SIEM (Security Information and Event Management) software is one of the most important applications used for security monitoring purposes. Its effectiveness relies on various factors such as accurate and timely detection of security incidents, proper selection of log sources, quality of rules created for generating alarms, and the ability to perform accurate correlation. In this service, tests are conducted based on commonly used attack methods and attack techniques in the MITRE ATT&CK framework to determine which ones trigger alarms, check for incorrect, missing, or duplicate rules. The simulations performed provide the SIEM system and the monitoring team with capabilities such as prioritizing events, increasing attack visibility, and better analyzing attacker behavior to take appropriate actions.
These are services conducted to measure the quality of security monitoring services operated or obtained by the organization and their adherence to defined processes. Technical attacks are performed to assess the competence of the monitoring team and the technology used, while tabletop exercises measure how the elements involved in the process behave, make decisions, and respond in different situations.
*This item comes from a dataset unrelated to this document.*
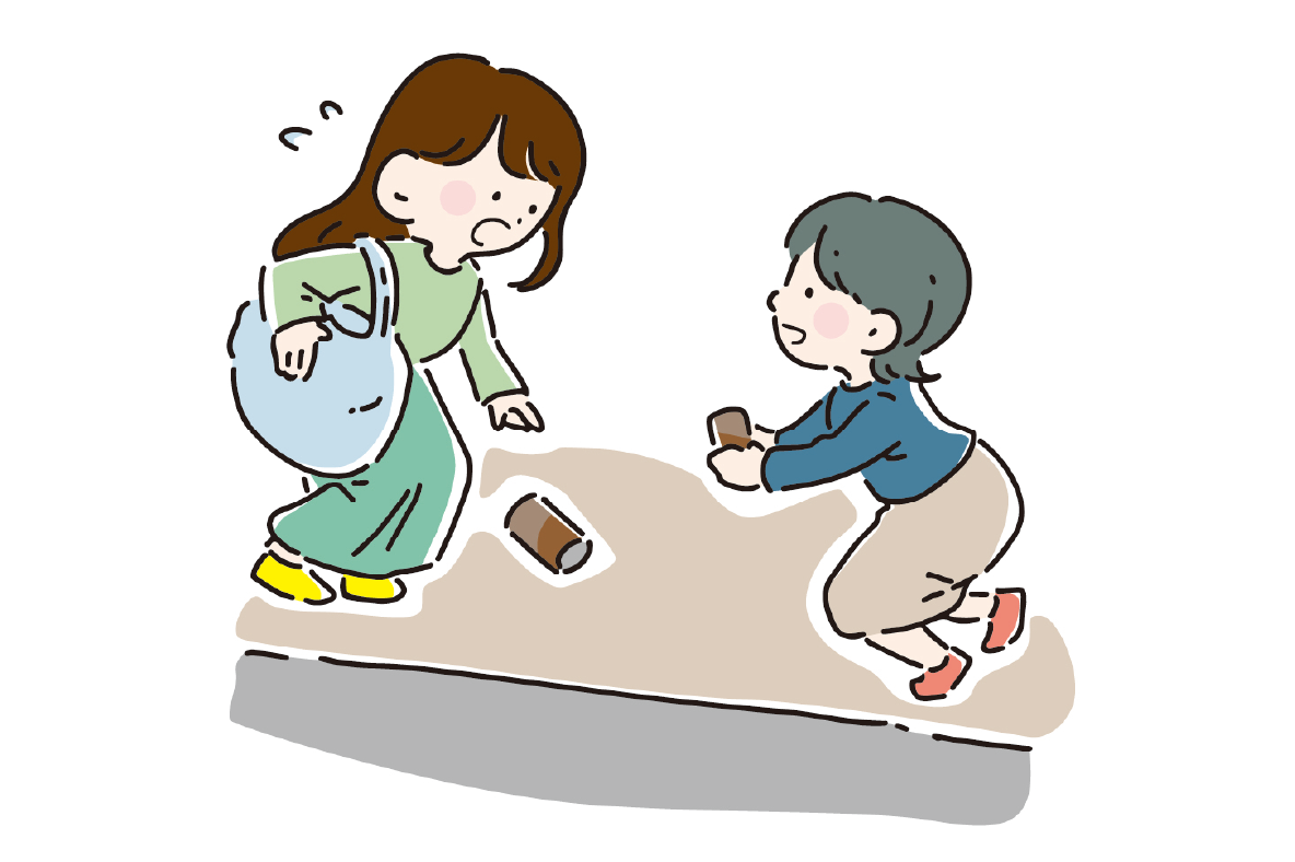 お買い物をした後、なぜか、荷物の中から缶コーヒーが飛び出して、地面を転がりました。追いかけようとした瞬間、もう1缶転がり、慌てる私の姿を見た通りがかりの人が、手伝ってくれて、道路にはみ出る前に拾うことができました。さすが松山市民だと嬉しかったです。
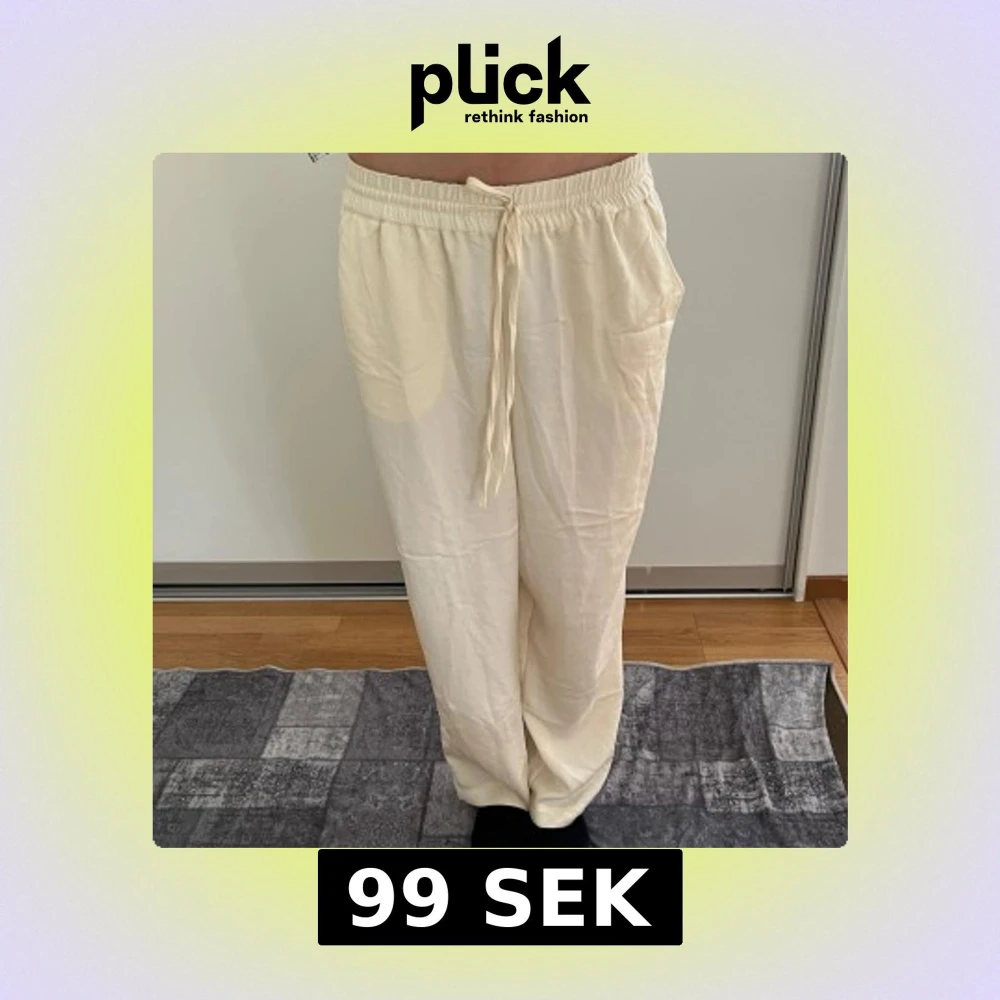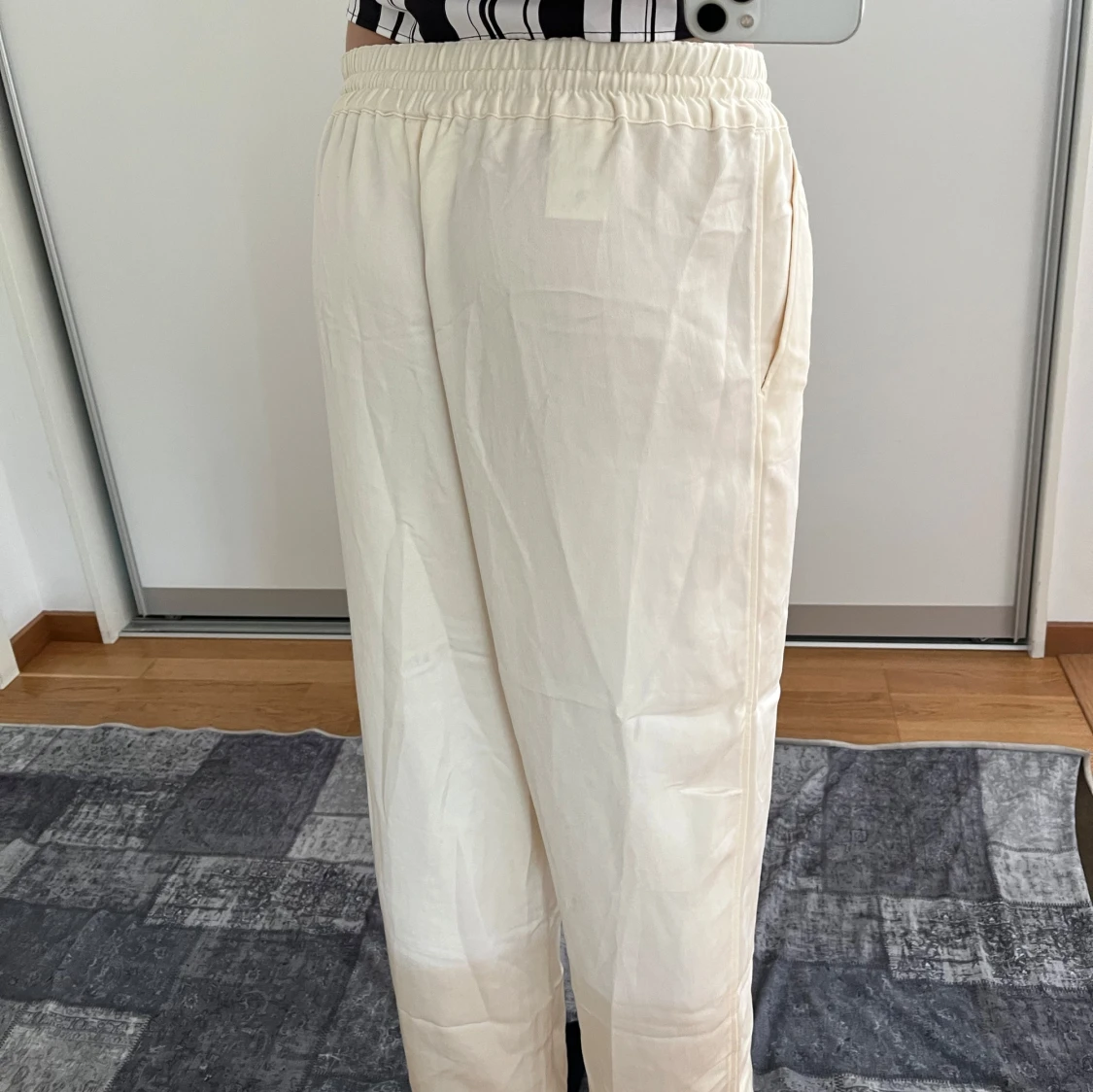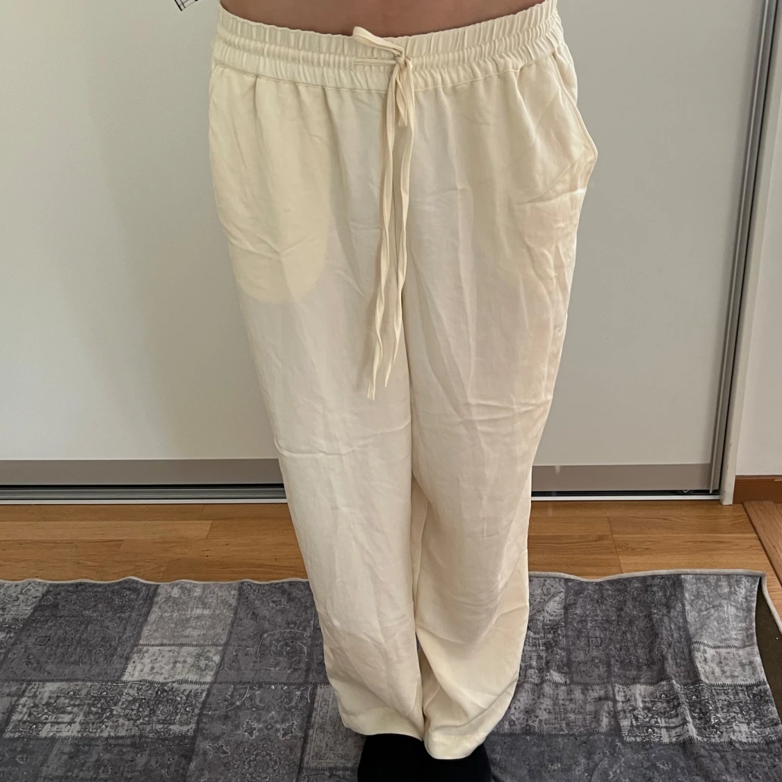 Säljer ett par vita/beiga linnebyxor. Byxorna har raka ben och sidfickor, perfekta för en chill och avslappnad look. Lätta och luftiga, passar grymt till sommaren. Materialet är lite glansigare och mjukare än vanliga linnebyxor, så de sitter och faller lite som silkesbyxor.

These services aim to uncover all the details related to an incident, such as how it occurred, the methods used, the systems it communicated with, its potential spread, the vulnerabilities that led to the incident, and how they can be mitigated. The goal is to uncover these details along with the timeline of events.
This encompasses end-to-end security analyses for all components within Internet of Things (IoT) infrastructures. Penetration testing in this area involves security analyses of hardware, firmware, communication protocols, cloud systems, web/API services used, and security analyses of web/mobile applications specific to the IoT infrastructure, considering specific scenarios related to the IoT infrastructure.